The 15-minute Karelia Suite is taken from a larger 50-minute work, a composition from Sibelius' youth. Karelia is the wide border between Finland and Russia, the center of the epic Finnish tale Kalevala, which Sibelius wrote an early choral symphony on. The three movements show youthful simplicity and classical tendencies: Intermezzo, a gentle march with distant horn calls, Ballade, a melancholy chorale with many textures, and March, a joyful and optimistic march, both gentile and nave. The Oceanides recall the sea-nymphs from the Kalevala myth, although this is also believed to have some root in Homeric mythology. At 11 minutes, light oscillating strings, a flute duet, 2 timpani, and 2 harps, slow harmonic rhythms, and the shimmering, Impressionistic qualities give the work a gentle feel. The most famous work, Finlandia, speaks of the repression of the Russian hold over Finland, but the hope of independence soon follows (which Finland got in 1917) with the famous chorale. Angry and dissonant brass and timpani open the work, surrounded by a menacing string melody. A rhythmic section is taken up, first gloomily, but a triumphant march, a peaceful chorale, and an exultant finale, conclude the Nationalistic work.



Valse Triste, 6 minutes, is a work meant to accompany a Finnish play entitled "Death"; dreaming of dancers and dancing, an old woman hears a knock...Death. This is a sad, slow waltz with long, languorous lines. The work becomes more and more up beat in tempo as time passes, nearly impassioned; but the work ends intimately, as the story suggests. Tapiola, a character from Kalevala, is the god of the forests. Described as "ancient, mysterious, brooding", loneliness...the 18 minute poem musically depicts just that. A mighty, heroic opening, almost fearful, dissonant and chromatic leads to a fantastical dance of the wood nymphs. An aggressive battle of magic progresses, with blazing brass, but all ends calmly in strings. Nightride and Sunrise tells of a man's night journey through a gloomy forest, a forest with strange sounds and foreboding, but eventually dawn appears, and the gloom is dispelled. The piece is infested with galloping strings, coming across various interruptions (counterpoint, polyrhythms, a long woodwind solo) that are somewhat scary. Visually, this is the most vivid, visually descriptive, and dramatic of the works.

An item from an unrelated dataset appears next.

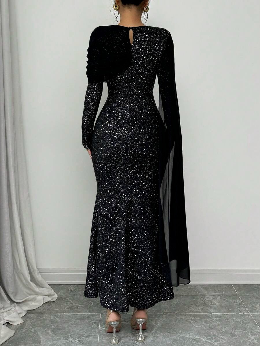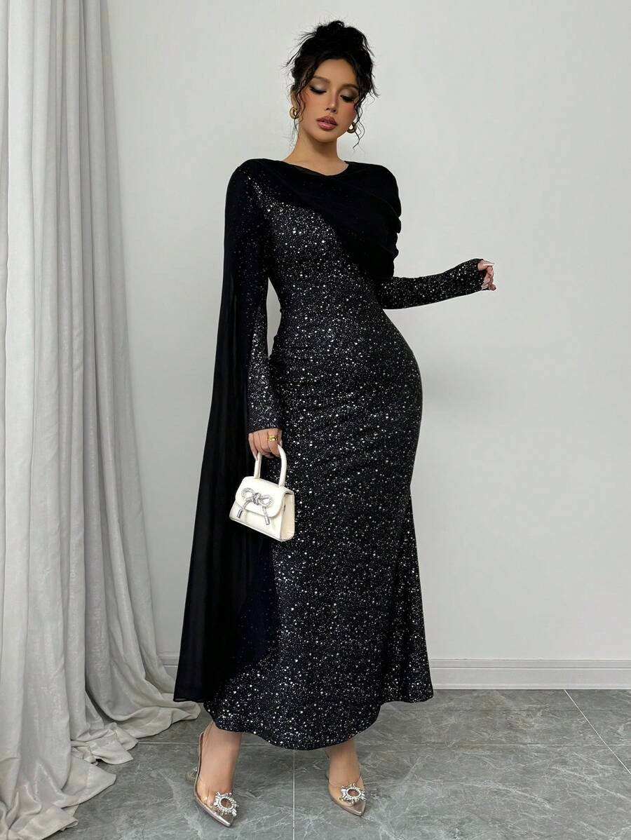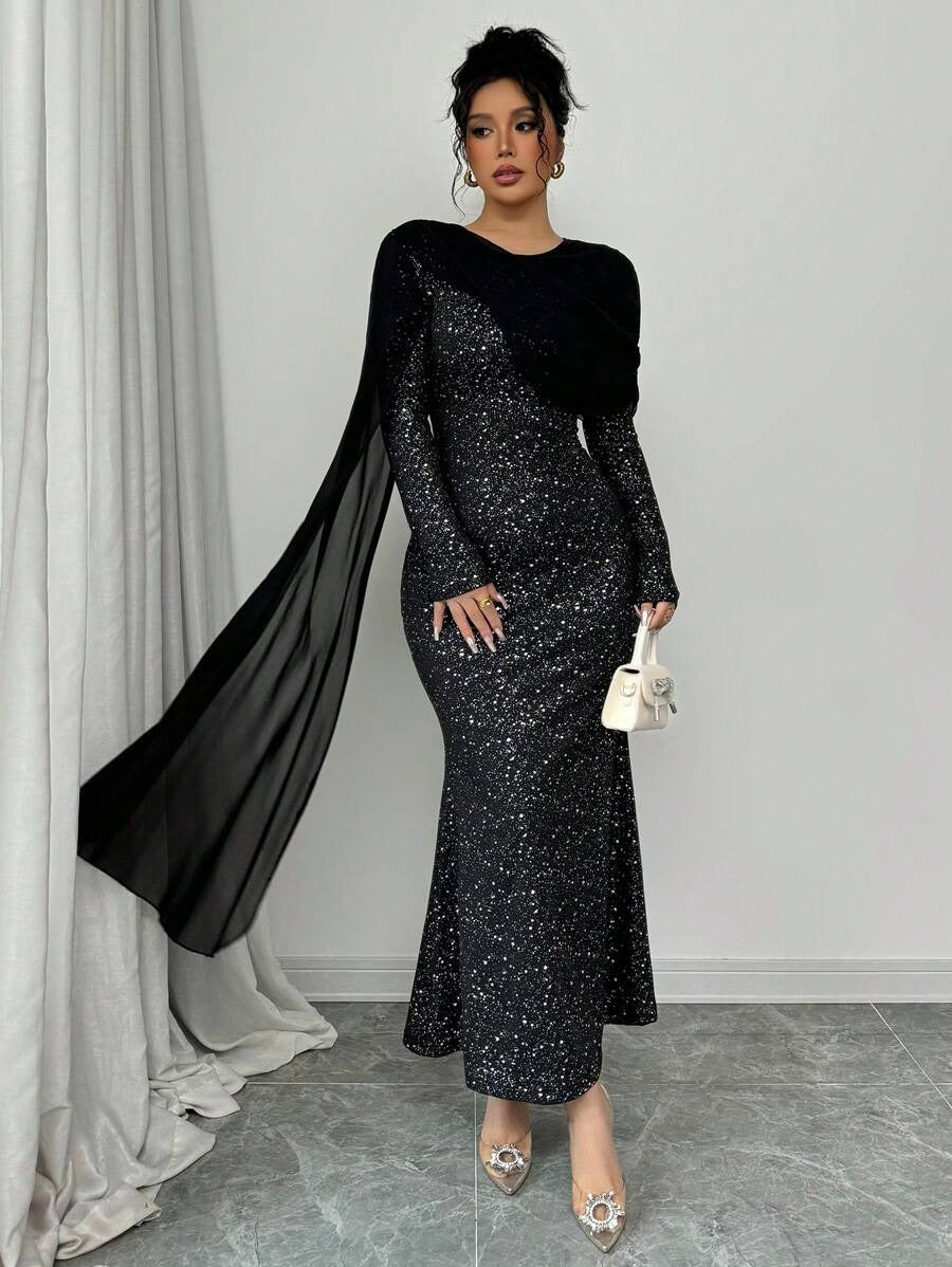 SHEIN Chiquease فستان سهرة أسود مزين بفصوص لامعة

Sir Colin Davis and the London Symphony Orchestra have received some flack for their series of Sibelius works on RCA Red Label. Suffice to say, this one works better than others. The interpretations are good, the tempo choices are intelligent, and the programming of the CD, offers a nice variety of music. The playing seems as if the ensemble was having an off day: odd wind timbres at times, brass tuning and balance are shifty in places, but the RCA recording features odd balances, favoring strings and brass. However, there are some great moments on this CD, and despite those recording issues, is a good CD. 77 minutes of neat, programmatic Sibelius music, dramatic and personal, especially his devotion to Finland, is genuinely portrayed here. Compare with his older recordings with the BSO."
Excellent recording
mythologue | 09/03/2002
(5 out of 5 stars)

"This disc features an eclectic group of works: on one hand, three well-known, instantly likeable compositions which serve as a nice introduction to the music of Jean Sibelius (Karelia suite, Finlandia, Valse triste); on the other, three elaborate and multi-layered pieces that, although not too hard to appreciate at first, reveal most of their secrets after several listens (Oceanides, Tapiola, Nightride and Sunrise). Davis obtains beautiful sonic textures from the LSO: this is one of those discs that beg to be listened to with headphones. The recording ends with the musical adventure that is Nightride and Sunrise - a piece which, even if you've listened to it many times, remains unpredictable. From the first minute to the last, this is an excellent disc."